I suoi compagni delle superiori, all’epoca, rimasero “stupiti”: “Certo, sapevano che ero credente ma ero un ragazzo normalissimo. Non è che già allora indossassi la talare. Tutti hanno poi compreso la mia scelta”. Anche il confronto con la sua famiglia fu sereno. Don Alvise era attratto dalla professione del padre, da poco andato in pensione dopo essere stato per anni Primario di Ginecologia a Chivasso e Ivrea. Dopo la Maturità, però, la volontà di entrare in seminario divenne “certezza”. “Quando si hanno dei bravi genitori è normale voler seguire il loro esempio. Il desidero di seguire le orme di mio padre c’era ma la vocazione religiosa non è una scelta che parte da una volontà umana“.

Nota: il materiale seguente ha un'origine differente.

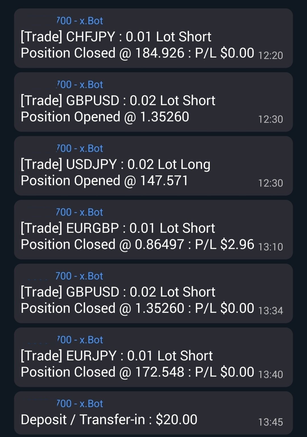 This utility sends only trade notifications (buy/sell/close) and deposit/withdrawal notifications. A sample of the notification format is given below. For customizations, please DM.
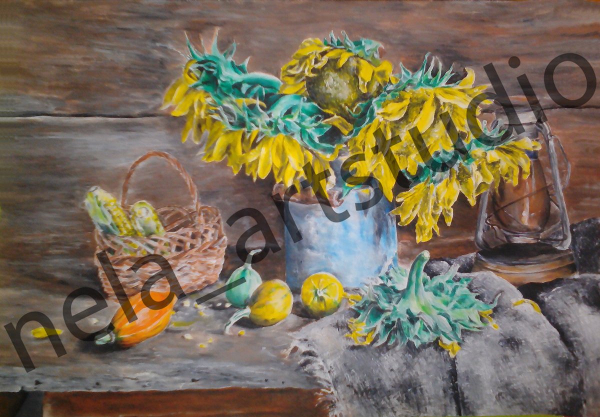 Malba štětcem akrylovými barvami na papíře. Součástí je černý rám. Rozměr formát A3.
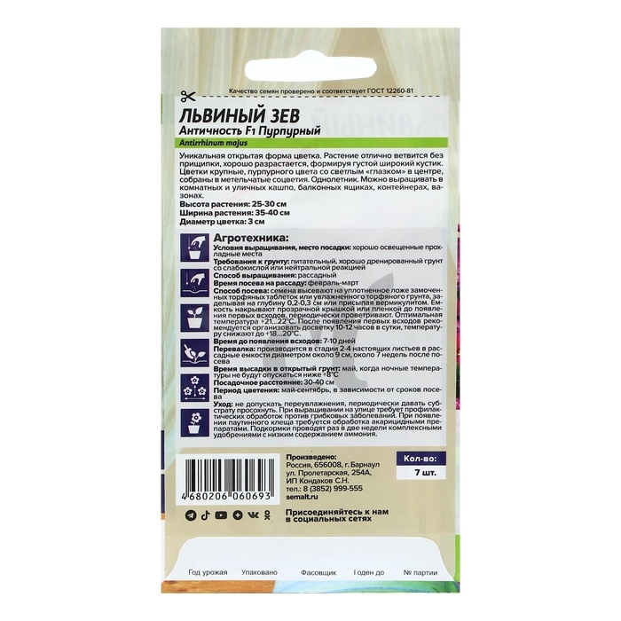 Семена цветов Львиный зев "Античность", пурпурный, ц/п, 7 шт
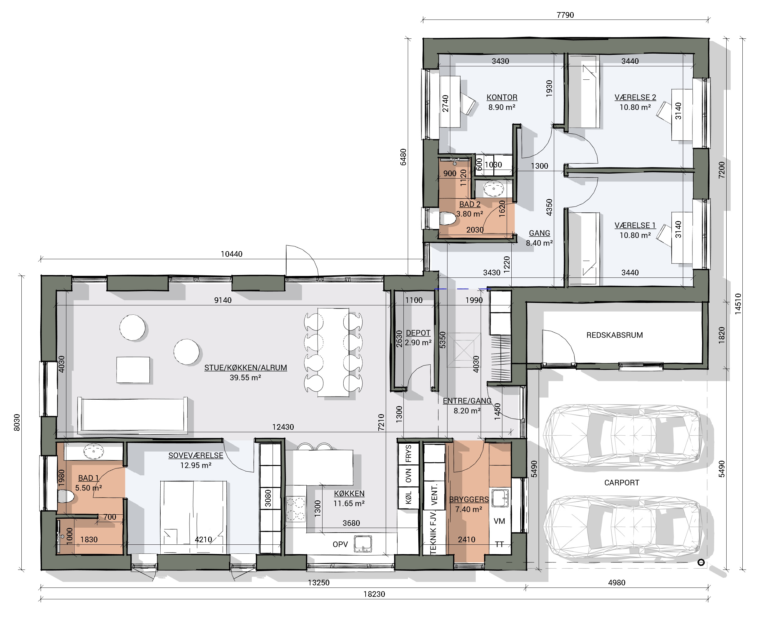 Mursten: Taurus. Klinker: Raw Urban Grey. Gulv: Hybel 65

Entrato in seminario a Genova, don Alvise ha perfezionato i suoi studi anche a Roma e poi è tornato nel capoluogo ligure dove ha iniziato a svolgere il suo ministero. Don Alvise era viceparroco a Santa Maria della Cella in Sampierdarena quando crollò il ponte Morandi. “Ricordo che stavo confessando. Quel giorno c’era un forte temporale e quando io e la persona che era con me sentimmo il boato del crollo del ponte pensammo a fulmine caduto vicino a noi”. Non era così.

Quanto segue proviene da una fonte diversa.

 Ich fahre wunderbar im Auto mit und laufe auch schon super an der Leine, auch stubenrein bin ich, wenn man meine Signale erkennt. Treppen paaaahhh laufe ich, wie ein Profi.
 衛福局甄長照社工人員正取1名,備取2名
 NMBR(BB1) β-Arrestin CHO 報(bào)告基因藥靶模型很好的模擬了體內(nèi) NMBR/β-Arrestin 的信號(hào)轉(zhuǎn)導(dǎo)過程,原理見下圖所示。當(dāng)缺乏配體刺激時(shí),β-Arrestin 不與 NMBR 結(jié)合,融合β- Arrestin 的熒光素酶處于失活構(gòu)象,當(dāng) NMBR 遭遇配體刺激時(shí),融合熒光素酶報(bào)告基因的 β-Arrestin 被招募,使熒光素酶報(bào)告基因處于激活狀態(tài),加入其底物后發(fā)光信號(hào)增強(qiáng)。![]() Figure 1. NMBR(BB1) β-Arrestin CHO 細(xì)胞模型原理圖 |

Praticamente subito Don Alvise si precipitò a piedi insieme al suo parroco, monsignor Carlo Canepa, fino al punto del crollo. “Rimanemmo lì fino a notte inoltrata per impartire la benedizione alle salme estratte dalle macerie e dare conforto ai familiari. Fu molto dura. La nostra è una presenza, e non può certamente essere la soluzione a tanto dolore. Il primo atto è il silenzio, il rispetto e poi l’apertura a un orizzonte di speranza che solo Dio può dare davanti a una sofferenza così inattesa e profonda“.

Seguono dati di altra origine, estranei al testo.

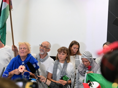 Δεκάδες κόσμου βρέθηκαν στο αεροδρόμιο από το μεσημέρι της Δευτέρας για να υποδεχθούν τους ακτιβιστές, που επέστρεψαν από το Ισραήλ -ανάμεσά τους και οι 27 Έλληνες- κρατώντας πανό με συνθήματα υποστήριξης, λουλούδια καθώς και παλαιστινιακές σημαίες.
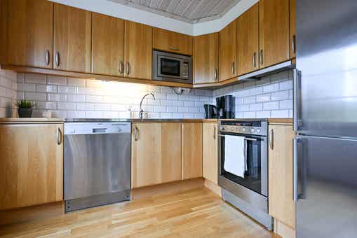 De keuken is voorzien van kookplaat, oven, koelkast, vriezer, vaatwasser, magnetron.
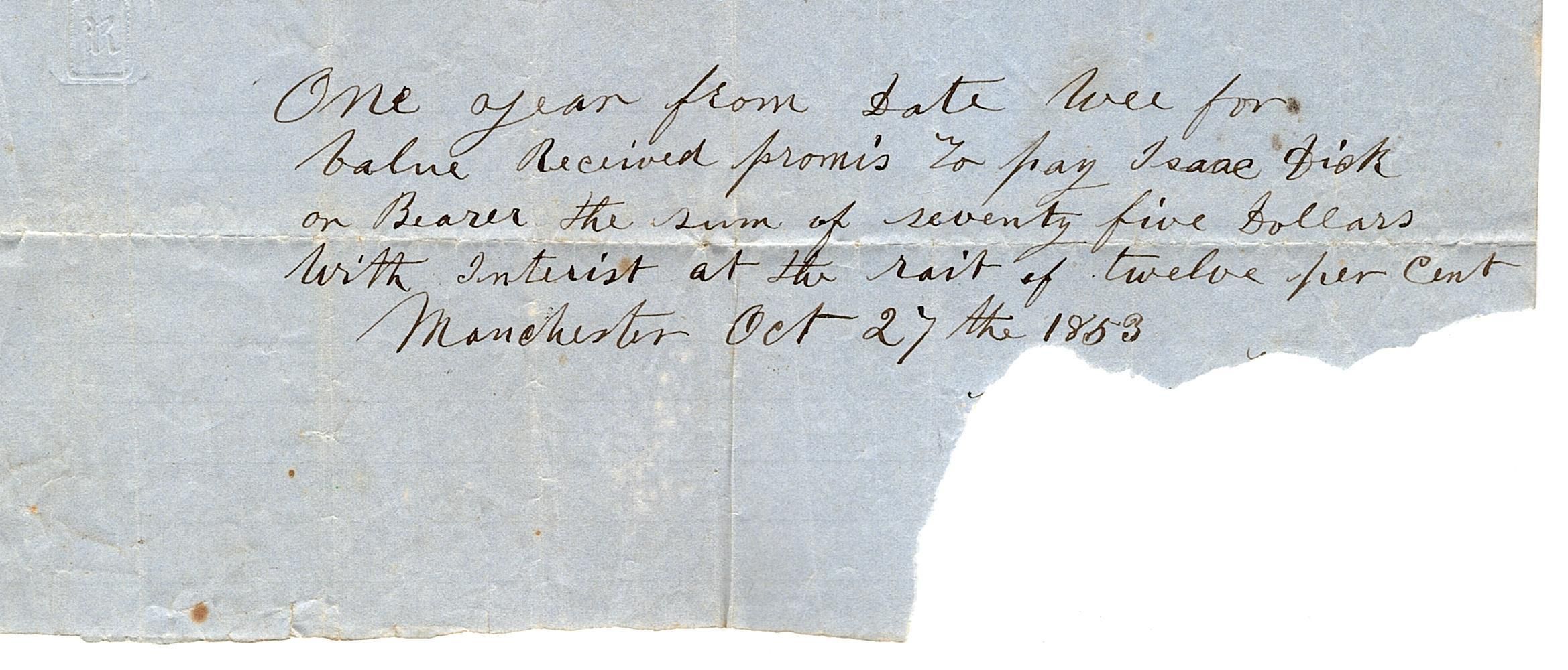 Half sheet of blue paper with writing in black ink that reads "One year from date -- for value Received promis [sic] to pay Isaac Dick or Bearer the sum of seventy five dollars with interest at the rait [sic] of twelve per cent, Manchester Oct 27th 1853." The signature has been torn off.Collection
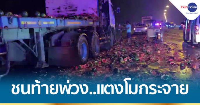 เกิดอุบัติเหตุรถกระบะขนเเตงโม หลับในชนท้ายรถพ่วง 22 ล้อ แตงโมกระจายแดงเกลื่อนบนถนนพระราม 2 ขาลงใต้ ตำบลบางแก้ว อำเภอเมืองสมุทรสงคราม มีผู้บาดเจ็บ 2 ราย ซึ่งเป็นคนขับและภรรยา
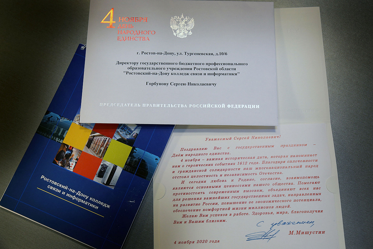 В адрес нашего колледжа поступило поздравление с Днём народного единства от Председателя Правительства Российской Федерации Михаила Владимировича Мишустина.
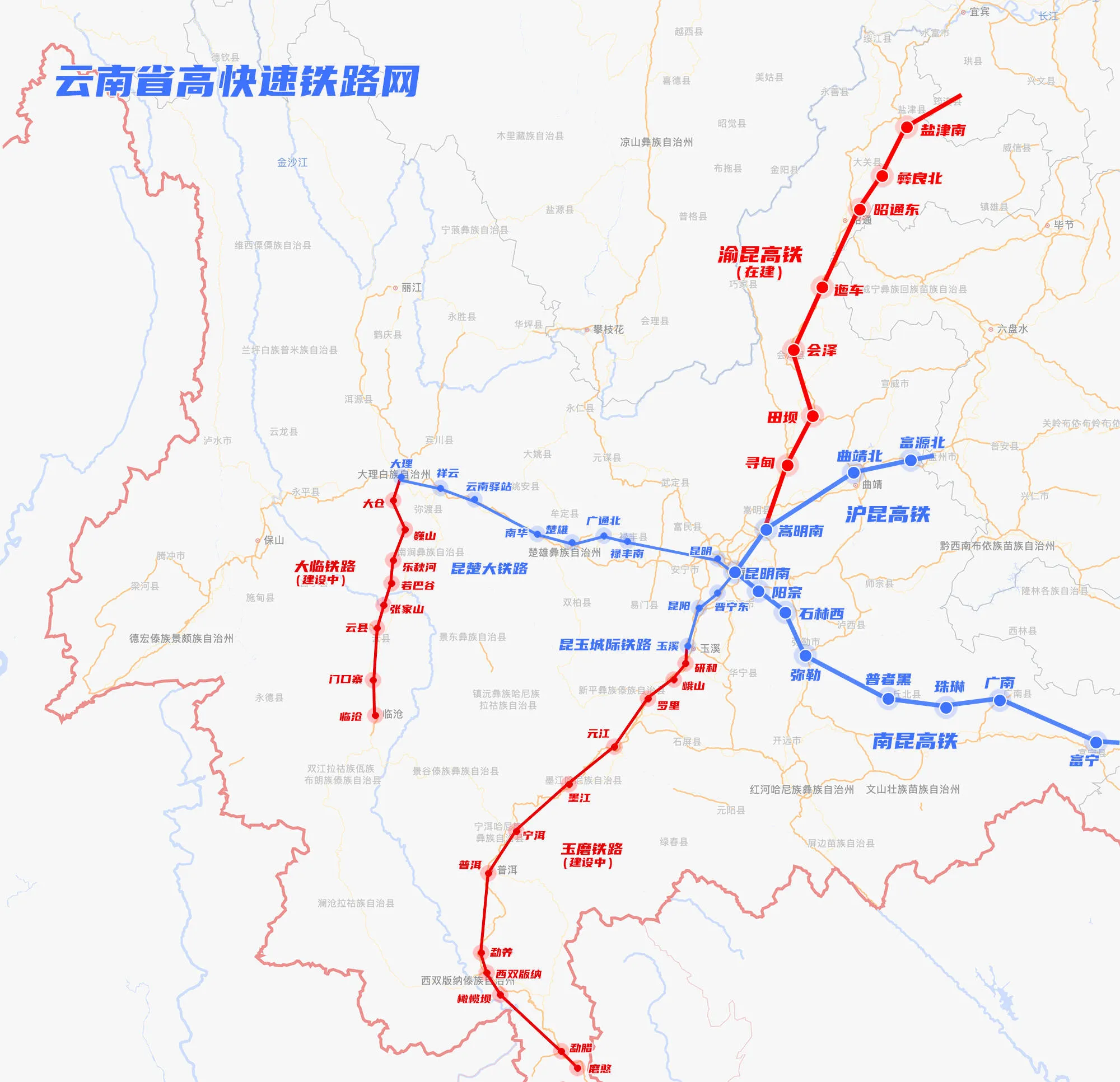 云南省高速铁路线网包括已开通运营的沪昆高铁、南昆高铁以及在建中的渝昆高铁等3条线路。
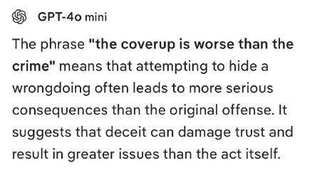 「隠蔽は犯罪よりも悪い」という表現は、不正行為を隠蔽しようとすると、元の犯罪よりも深刻な結果を招くことが多いという意味です。つまり、欺瞞は信頼を損ない、行為そのものよりも大きな問題を引き起こす可能性があることを示唆しています。
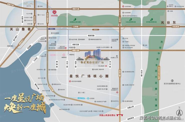 伟星·光谷星悦广场位于东湖高新区高新六路与流芳一路交叉口,属于光谷南板块.位于武汉三环外约3.2公里,环线位置中规中矩,周边发展较为成熟。北边是高新六路、佛祖岭地铁车辆段、武大人民医院光谷院区:东边是流芳路、光谷三小、佛祖岭F区等小区、京广高铁等:南边是牌楼舒路、光谷二中、富士康青年公寓、美的云筑小区:西边是流芳一路、佛祖岭社区、佛祖岭地铁站等。
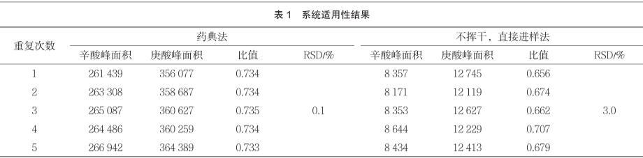 由表1可知,不揮干,直接進樣法(優化后的方法)所得峰面積較小,這是因為優化后方法的辛酸對照品溶液不揮發至干,直接進樣使得濃度變低,峰面積變小,但不影響積分。連續5針辛酸峰與庚酸峰面積之比的RSD值由藥典方法的0.1%變為3.0%,但仍符合系統適用性要求(不大于5%)。實驗時間由2 d縮短為1 d。

Molto amato dai fedeli della parrocchia sampierdarenese di Santa Maria della Cella, dove si è speso anche per dare un importante supporto durante l’emergenza coronavirus, don Alvise da quattro mesi è parroco della Chiesa di San Giacomo a Gavi e di altre nove parrocchie del Gaviese: “Una realtà meravigliosa ma complessa da gestire”. Don Alvise, ha spiegato, può però contare sull’aiuto “fondamentale“ del viceparroco, don Andrea Carcasole, e di don Gianni Pertica. “La zona di Gavi è una terra ricca di persone buone e generose. Io ho iniziato a farmi conoscere e so che la sfida che mi aspetta è grande. Il mio compito è far sì che tutti possano incontrare la bellezza della fede e spero di essere un sacerdote trasparente, in grado di far passare attraverso di me una parola che non è la mia ma quella di Dio“.